What to work on> Skip the pictures. Quote every line below, exactly, from the one with "在完成方舱医院的配送任务同时" through the final line.

Information supplied>
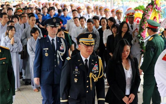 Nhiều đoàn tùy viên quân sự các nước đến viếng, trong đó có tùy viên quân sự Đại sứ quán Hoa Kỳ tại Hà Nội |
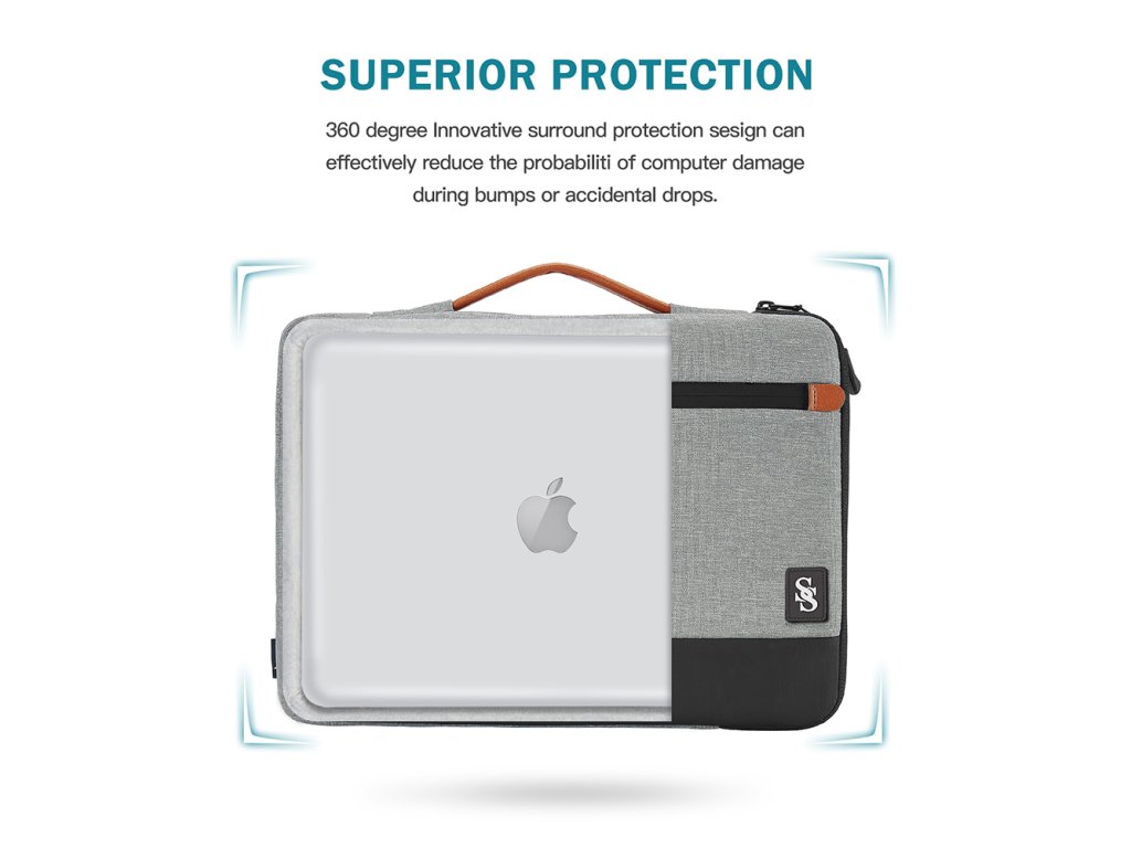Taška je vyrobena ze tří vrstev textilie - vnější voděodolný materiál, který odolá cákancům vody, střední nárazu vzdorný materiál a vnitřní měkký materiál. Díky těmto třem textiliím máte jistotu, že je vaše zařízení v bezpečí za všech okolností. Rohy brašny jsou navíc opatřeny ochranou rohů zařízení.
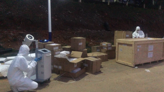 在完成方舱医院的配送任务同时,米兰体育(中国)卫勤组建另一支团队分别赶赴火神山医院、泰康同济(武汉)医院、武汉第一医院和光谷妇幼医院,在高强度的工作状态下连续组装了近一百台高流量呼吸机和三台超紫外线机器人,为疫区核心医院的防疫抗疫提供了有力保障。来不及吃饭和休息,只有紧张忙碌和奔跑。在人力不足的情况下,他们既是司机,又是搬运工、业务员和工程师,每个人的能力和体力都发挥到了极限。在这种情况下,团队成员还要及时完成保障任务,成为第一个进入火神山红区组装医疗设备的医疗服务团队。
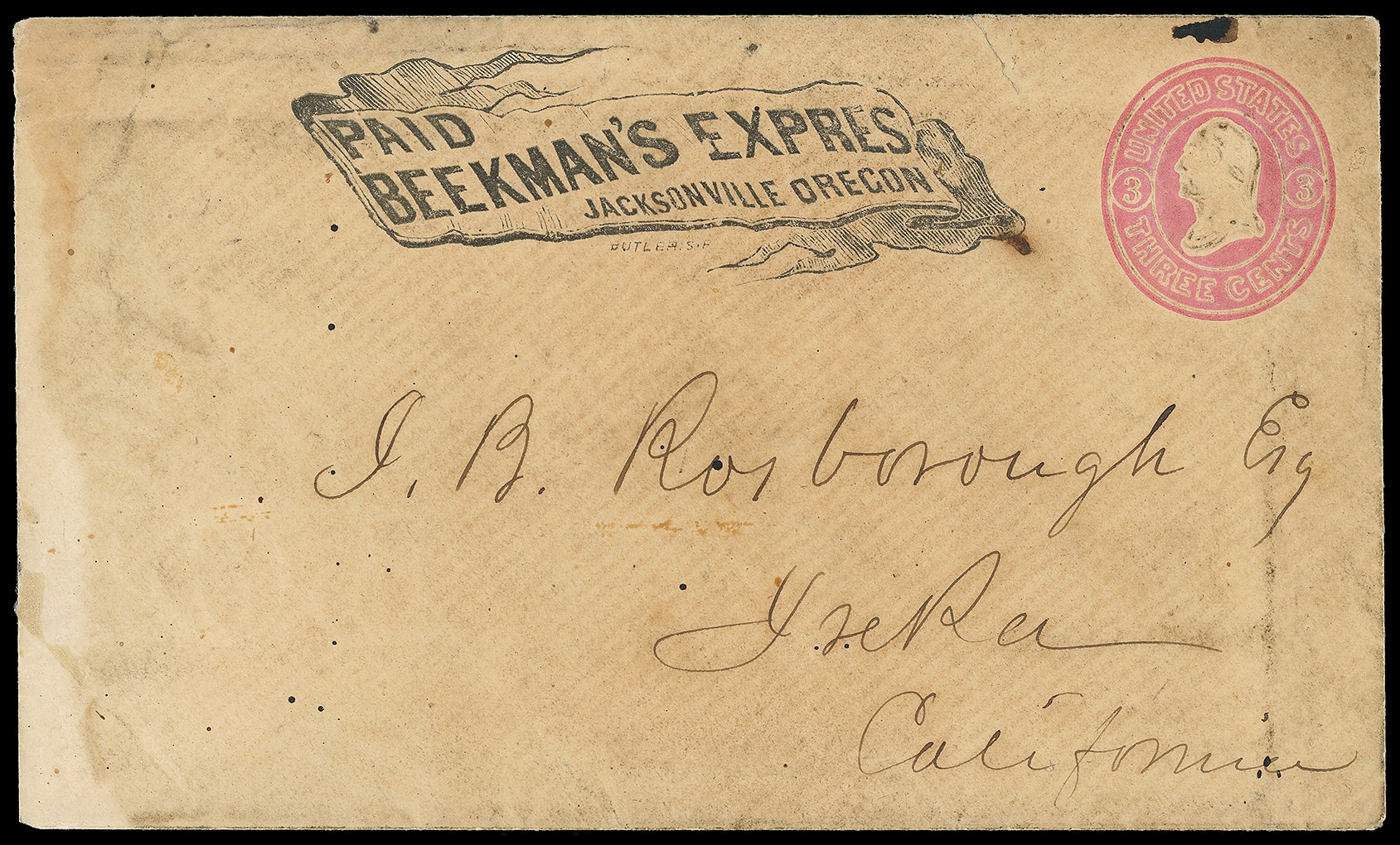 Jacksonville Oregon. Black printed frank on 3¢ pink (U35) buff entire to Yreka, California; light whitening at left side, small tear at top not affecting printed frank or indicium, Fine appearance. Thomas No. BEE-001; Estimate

Completed task>
 在完成方舱医院的配送任务同时,米兰体育(中国)卫勤组建另一支团队分别赶赴火神山医院、泰康同济(武汉)医院、武汉第一医院和光谷妇幼医院,在高强度的工作状态下连续组装了近一百台高流量呼吸机和三台超紫外线机器人,为疫区核心医院的防疫抗疫提供了有力保障。来不及吃饭和休息,只有紧张忙碌和奔跑。在人力不足的情况下,他们既是司机,又是搬运工、业务员和工程师,每个人的能力和体力都发挥到了极限。在这种情况下,团队成员还要及时完成保障任务,成为第一个进入火神山红区组装医疗设备的医疗服务团队。
 Jacksonville Oregon. Black printed frank on 3¢ pink (U35) buff entire to Yreka, California; light whitening at left side, small tear at top not affecting printed frank or indicium, Fine appearance. Thomas No. BEE-001; Estimate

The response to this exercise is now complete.